[Start of section]

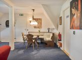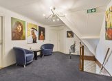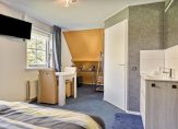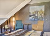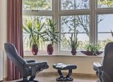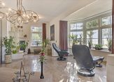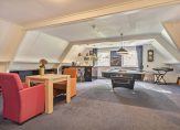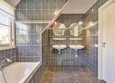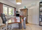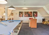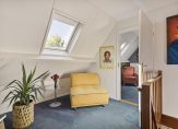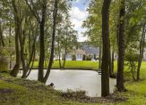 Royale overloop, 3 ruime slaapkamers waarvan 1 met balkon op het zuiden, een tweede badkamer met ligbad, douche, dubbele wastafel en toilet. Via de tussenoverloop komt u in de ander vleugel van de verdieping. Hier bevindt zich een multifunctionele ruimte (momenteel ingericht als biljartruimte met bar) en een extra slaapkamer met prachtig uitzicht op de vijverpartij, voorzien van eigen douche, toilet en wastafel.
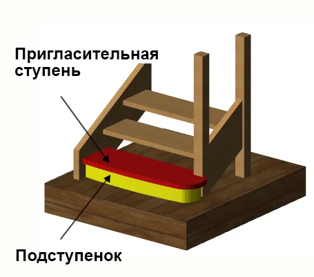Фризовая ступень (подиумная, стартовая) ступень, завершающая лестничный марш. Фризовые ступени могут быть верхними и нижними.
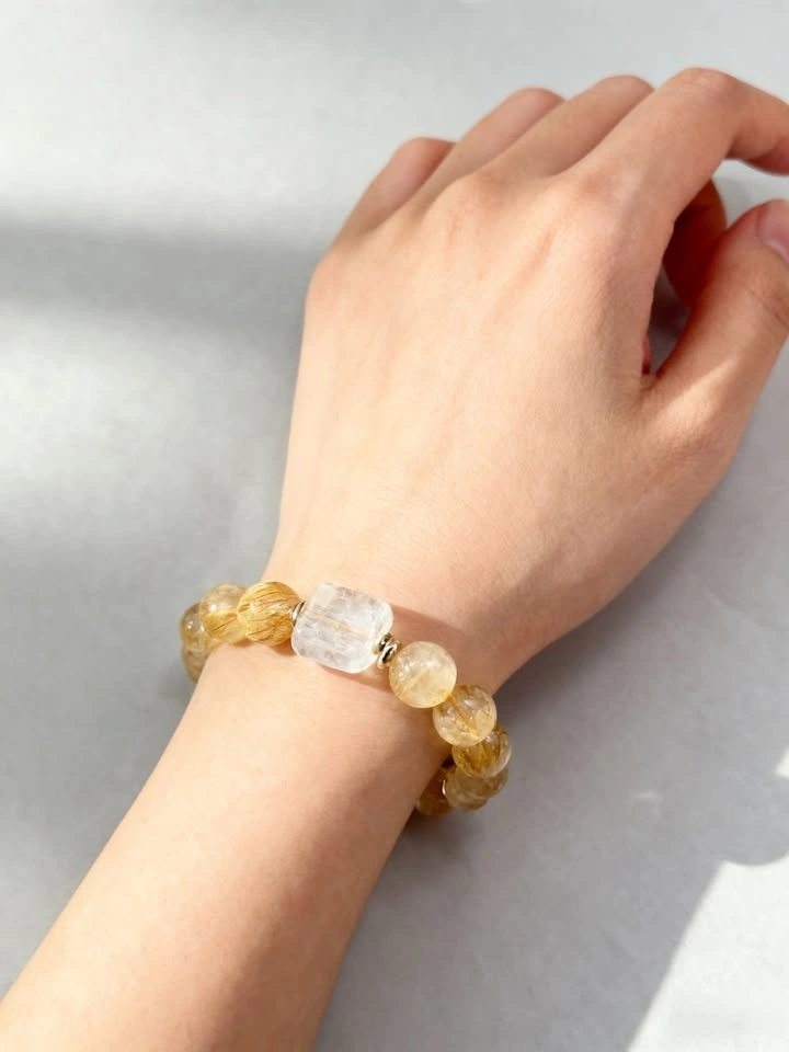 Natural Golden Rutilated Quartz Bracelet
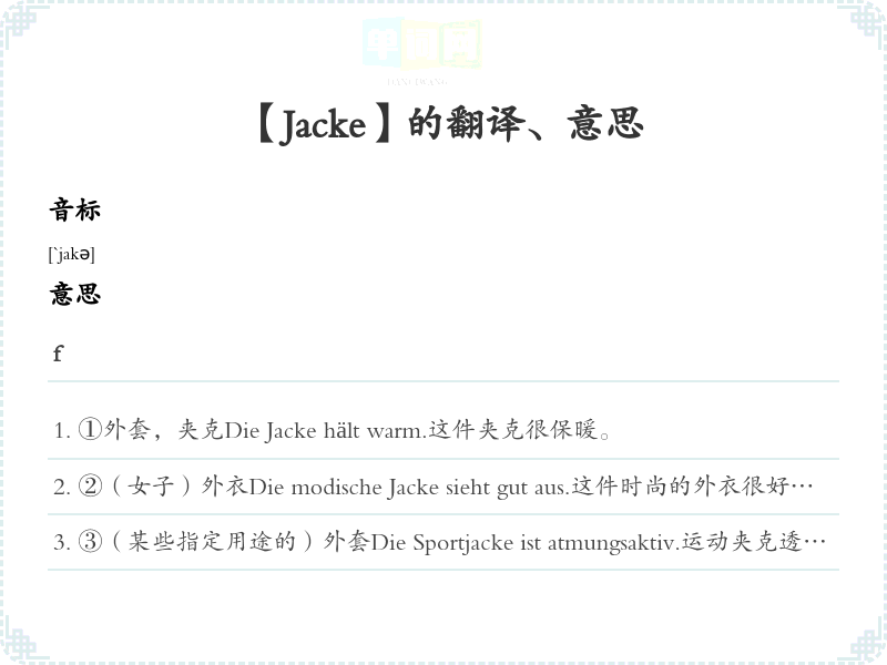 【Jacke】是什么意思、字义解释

[End of section]

**Task to complete:**
Leaving every picture out, please copy exactly the lines from the one holding "Фризовая ступень (подиумная, стартовая)" through the last line of the listing, both ends included.

**The completed task:**
Фризовая ступень (подиумная, стартовая) ступень, завершающая лестничный марш. Фризовые ступени могут быть верхними и нижними.
 Natural Golden Rutilated Quartz Bracelet
 【Jacke】是什么意思、字义解释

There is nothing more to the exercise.